Потом был тот злополучный концерт. Всем сказали, что накануне Ирина подхватила грипп, но это неправда. Она просто не справилась, не смогла оставить за кулисами все свои эмоции и полностью перевоплотиться в героиню. Пели концертный вариант «Царской невесты», избранные арии. А вместо Марфы на сцене оказалась Ирина, нервная, убитая бессонной ночью после того, как накануне приезжал Геннадий Андреич, долго смотрел на дочку и молча плакал. Что ж, значит она оказалась ненастоящей актрисой, вместо переживаний Марфы ее грызла собственная совесть. Грызла за то, что Ирина разрушила-таки чужую семью. Геннадий Андреич расстался с женой, но Ирина его не приняла. Она словно наказала себя, как наказывала и позже, она не позволяла приблизиться к себе даже неженатым мужчинам с серьезными намерениями. Не то, чтобы Ирина приговорила себя к пожизненному одиночеству. «Нет», - говорила она себе, - «Может, это и не на всю жизнь, но точно не сейчас».
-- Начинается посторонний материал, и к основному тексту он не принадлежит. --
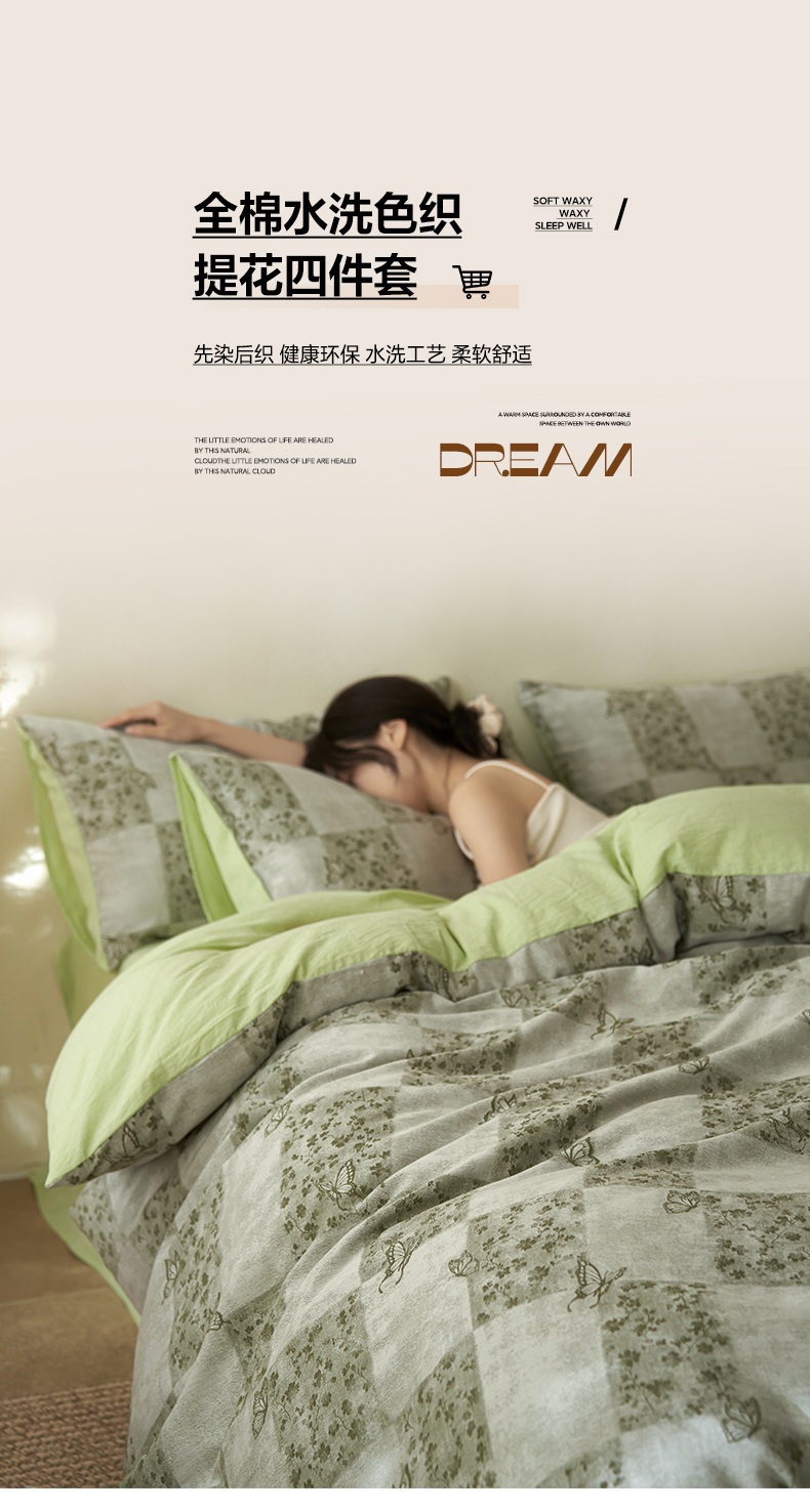 (总)如一 2026新款色织提花全棉水洗棉四件套第一批,叶笙-绿,叶笙-咖,兰序-绿,叶笙-粉,兰序-紫,兰序-蓝,兰序-咖
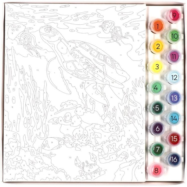 Create a stunning painting depicting a majestic sea turtle swimming among the coral reefs, and read facts about this endangered animal and its habitat with this paint kit for kids. Paint By Numbers Amazing Ocean is designed for kids 8+. Beautiful ocean-themed artwork has enough detail to yield an impressive result. De
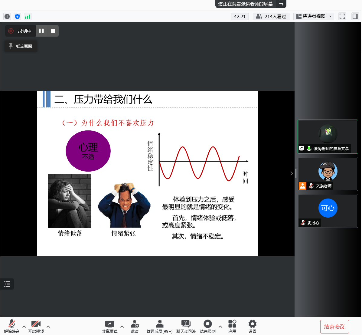 通过腾讯会议举办了以“心起点·心能量—应对压力,快乐前行”为主题的心理健康教育讲座。此次讲座由心理研究与咨询中心的张涛老师主讲,2021级研究生辅导员文强老师主持,分管学院心理工作的史可心老师和2022级全体研究生新生参加。
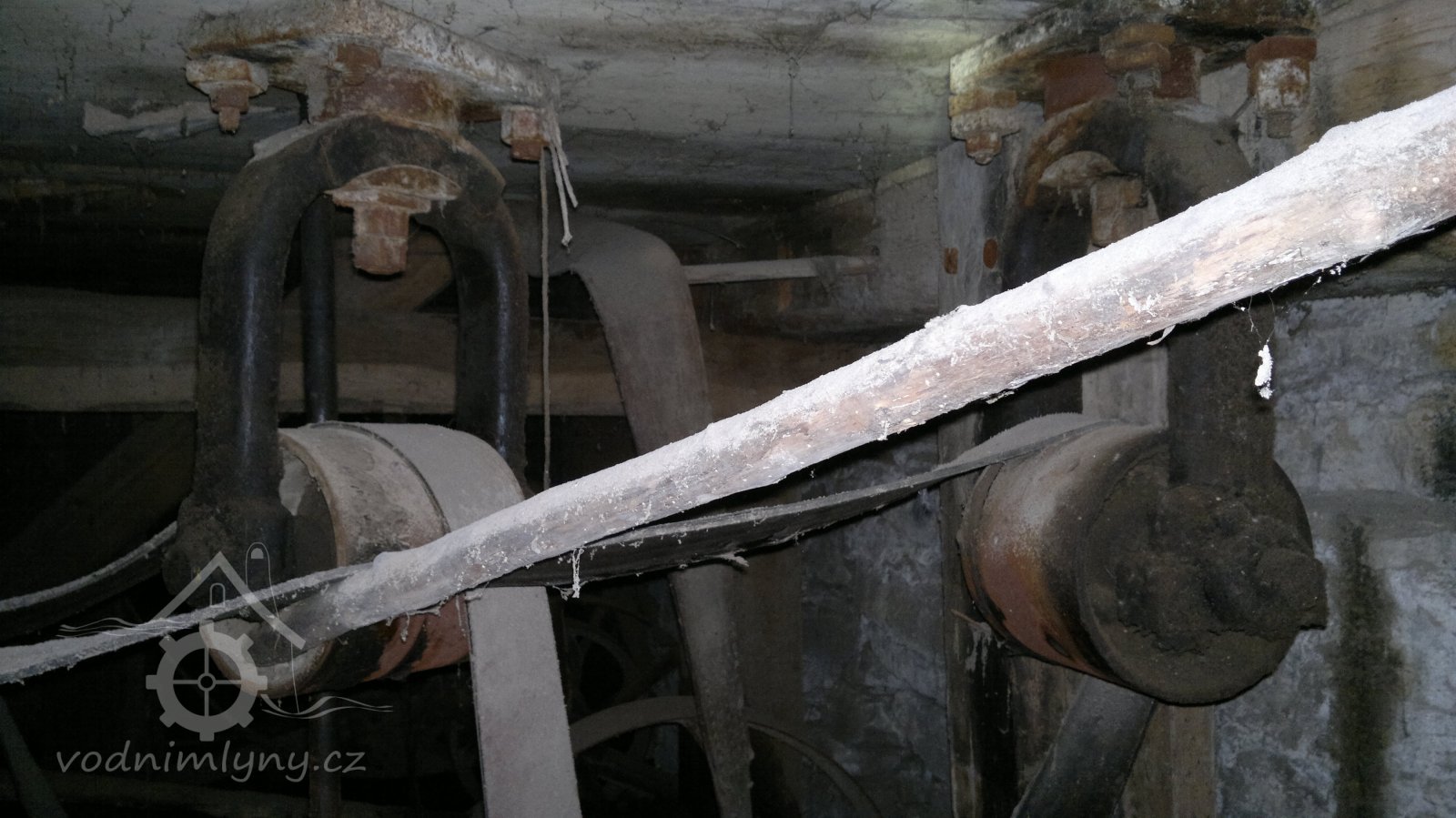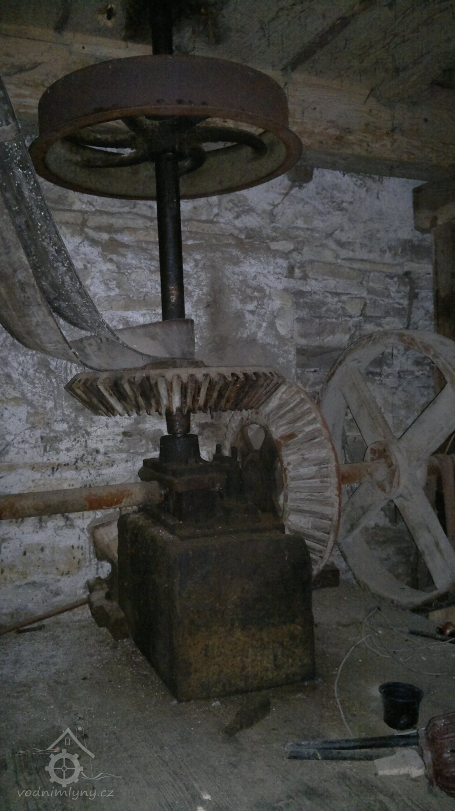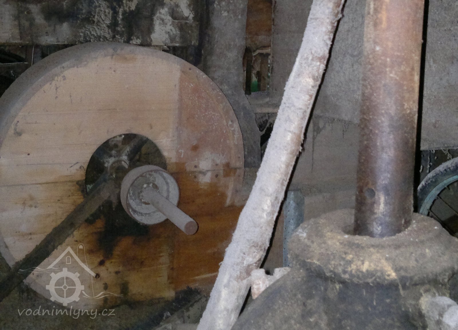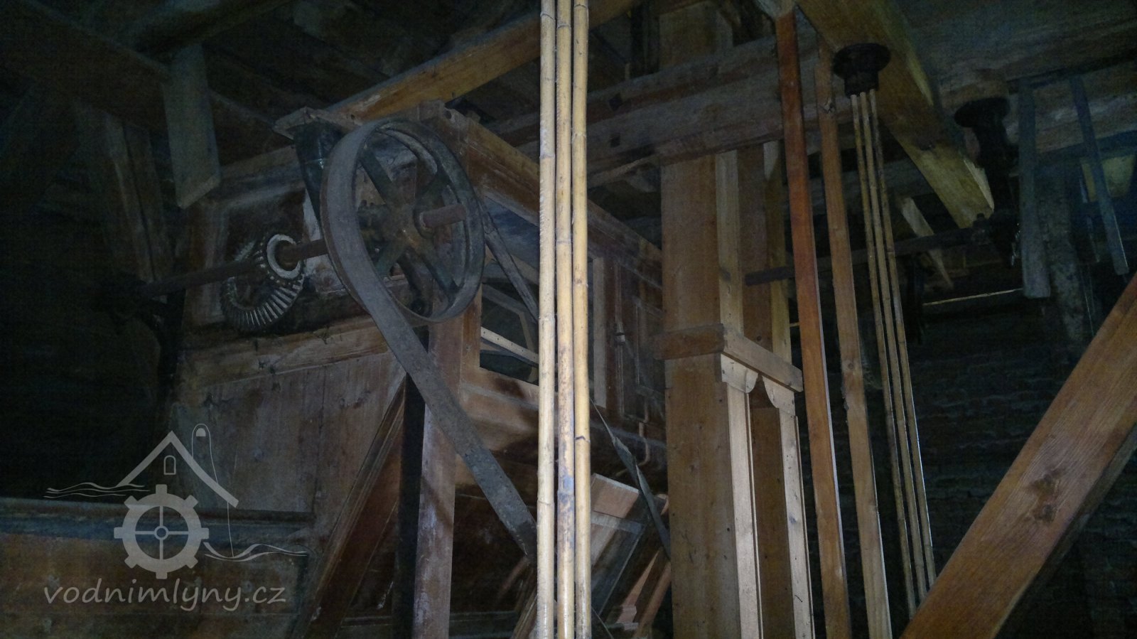 Od vodního kola prochází dřevěná hřídel otvorem do spodního prostoru mlýna – podkolí. Na hřídeli je osazen na dřevěných ramenách litinový věnec s dřevěnými bočními palci (hlavní paleční kolo). Tyto palce zapadají do pastorku. Pastorek nasazený na vertikální kovové hřídeli a tvoří s palečním kolem pravoúhlý převod. Na této kovové hřídeli osazeno též čelní litinové paleční kolo, jehož palce zapadají do dvou samostatných pastorků. První pastorek roztáčel svislou (vertikální) hřídel kamenného mlecího složení, které sloužilo k domílce. Druhý pastorek otáčel taktéž další svislou hřídelí. Tato hřídel prochází několika podlažími a nazývá se královská. Od ní pak pomocí dalších pravoúhlých převodů roztáčeny rozvodové transmise jdoucí do prostoru mechanické tkalcovny, barevny a valchy mimo mlýnici. Na úplně spodní části této hřídele (v podkolí) se nachází malý pravoúhlý převod k pohonu hlavní horizontální (vodorovné) transmise k roztáčení mlýnských strojů na prvním podlaží a v podkolí. Také roztáčela další rozvodové transmise v mezipatře a pod střechou přes kožené ploché řemeny a odtud pak poháněny jednotlivé mlýnské stroje ve vyšších patrech.

Предсказания Алечки сбылись, растить дочку одной оказалось ужасно трудно. Денег катастрофически не хватало. Обивая порог СОБЕСа, Ирина обнаружила необычайные вещи, удивительные правила, которые, как злые заклинания, складывались против нее и маленького родного человечка, нуждавшегося в одежде, кроватке, специальном питании. Выяснилось, что если у женщины с ребенком был кормилец, но умер, то и неработающей матери, и младенцу полагается довольно приличная пенсия. А женщине, никогда не имевшей кормильца, не полагается ничего. «Из ничего и выйдет ничего», - процитировала с сожалением вежливая собесовская дама и буквально развела руками.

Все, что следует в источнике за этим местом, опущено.